A white pickup truck towing a camper down a desert highway
Truck towing 5th wheel camper | Universal Images Group via Getty Images

Truck shoppers have a lengthy list of options to consider. Cab size, bed length, engine size, and trim level all impact how well a truck will perform at various tasks. Axle ratio is an important consideration for anyone whose primary concern is towing capacity.

The phrase axle ratio described the number of rotations required to turn the wheels one full rotation. Therefore, the axle ratio is expressed with two numbers, such as 3.21:1. The first is the number of driveshaft rotations and varies. The second is the number of wheel rotations. As such, the second number is always one.

A typical pickup truck is sold with a standard axle ratio with optional increases. For example, the 2021 Ram 1500 is sold in three axle ratios, 3.21:1, 3.55:1, and 3.92:1. Each one affects the truck’s towing capacity. The reasons why make perfect sense with a little bit of insight.

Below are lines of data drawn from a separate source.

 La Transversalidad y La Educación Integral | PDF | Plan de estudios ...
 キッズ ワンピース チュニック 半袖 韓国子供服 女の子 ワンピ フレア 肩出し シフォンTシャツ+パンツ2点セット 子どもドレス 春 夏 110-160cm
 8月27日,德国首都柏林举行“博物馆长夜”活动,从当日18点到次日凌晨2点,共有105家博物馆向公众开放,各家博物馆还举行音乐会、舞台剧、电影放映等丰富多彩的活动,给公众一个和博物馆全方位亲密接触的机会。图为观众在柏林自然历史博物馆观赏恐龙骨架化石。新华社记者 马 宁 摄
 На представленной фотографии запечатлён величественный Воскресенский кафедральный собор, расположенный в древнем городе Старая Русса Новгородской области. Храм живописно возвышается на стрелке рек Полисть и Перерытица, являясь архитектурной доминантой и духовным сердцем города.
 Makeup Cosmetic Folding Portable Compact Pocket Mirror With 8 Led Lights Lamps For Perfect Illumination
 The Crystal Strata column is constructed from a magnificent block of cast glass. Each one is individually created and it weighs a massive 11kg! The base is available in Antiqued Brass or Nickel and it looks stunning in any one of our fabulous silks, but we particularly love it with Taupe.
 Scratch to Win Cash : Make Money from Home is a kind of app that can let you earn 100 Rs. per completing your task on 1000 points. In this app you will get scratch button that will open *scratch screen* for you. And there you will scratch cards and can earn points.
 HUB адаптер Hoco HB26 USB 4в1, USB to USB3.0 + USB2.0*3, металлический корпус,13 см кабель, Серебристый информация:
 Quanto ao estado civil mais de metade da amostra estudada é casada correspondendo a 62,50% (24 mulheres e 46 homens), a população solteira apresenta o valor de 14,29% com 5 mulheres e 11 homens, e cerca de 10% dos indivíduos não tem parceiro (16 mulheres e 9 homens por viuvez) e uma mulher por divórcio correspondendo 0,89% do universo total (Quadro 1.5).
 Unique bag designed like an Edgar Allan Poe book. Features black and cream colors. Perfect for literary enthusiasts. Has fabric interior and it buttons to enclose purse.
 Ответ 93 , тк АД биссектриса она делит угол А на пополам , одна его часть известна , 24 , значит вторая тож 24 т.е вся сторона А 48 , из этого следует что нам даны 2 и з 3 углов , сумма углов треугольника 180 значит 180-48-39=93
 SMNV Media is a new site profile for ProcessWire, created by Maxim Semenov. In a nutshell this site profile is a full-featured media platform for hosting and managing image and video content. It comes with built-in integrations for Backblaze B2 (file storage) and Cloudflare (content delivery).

How axle ratio impacts towing capacity

Edmund’s guide to axle ratios cites the Ram 1500 for figures. The standard 2021 Ram 1500 axle ratio of 3.21: has a maximum towing capacity of 8,230 pounds. Increasing the axle ratio to 3.55:1 pushes the towing capacity to 9,930. Why does increasing axle ratio boost maximum towing capacity?

Higher RPMs directly impact the number of axel rotations it takes to turn a wheel 360 degrees. As a result, increased engine spinning improves pulling power while towing a heavy load. As such, the highest axle ratio trucks have the highest towing capacity. For example, pushing the Ram 1500’s axle ratio to 3.92:1 adds 3,100 pounds of towing capacity over the standard ratio.

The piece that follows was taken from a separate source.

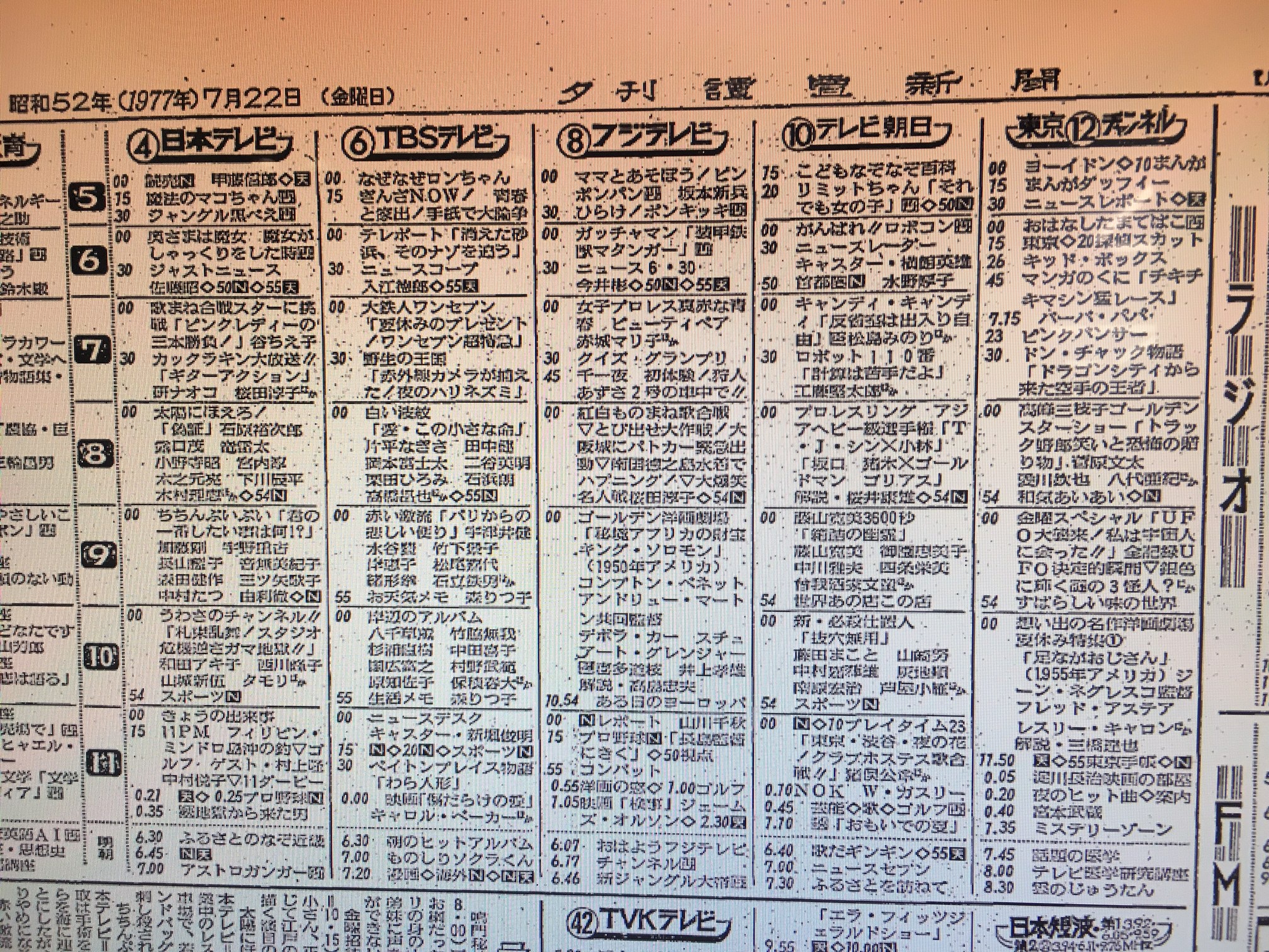 当日のテレビ欄(読売新聞夕刊)

High axle ratio trucks take a slight hit to their fuel economy. As a result, drivers can expect to see a one to two mpg drop in fuel economy. However, if towing isn’t a primary concern, the standard axle ratio is probably fine for most buyers, so an unnecessary axle ratio upgrade is a mistake.

Get the best axle ratio for you

Typically, light and heavy-duty trucks are sold with optional axle ratio upgrades. Sometimes these are stand-alone addons, but they can be included in towing packages as well. Towing packages often represent a better value to buyers and include helpful extras like hitch connectors, bigger radiators for improved cooling, and even heavier springs.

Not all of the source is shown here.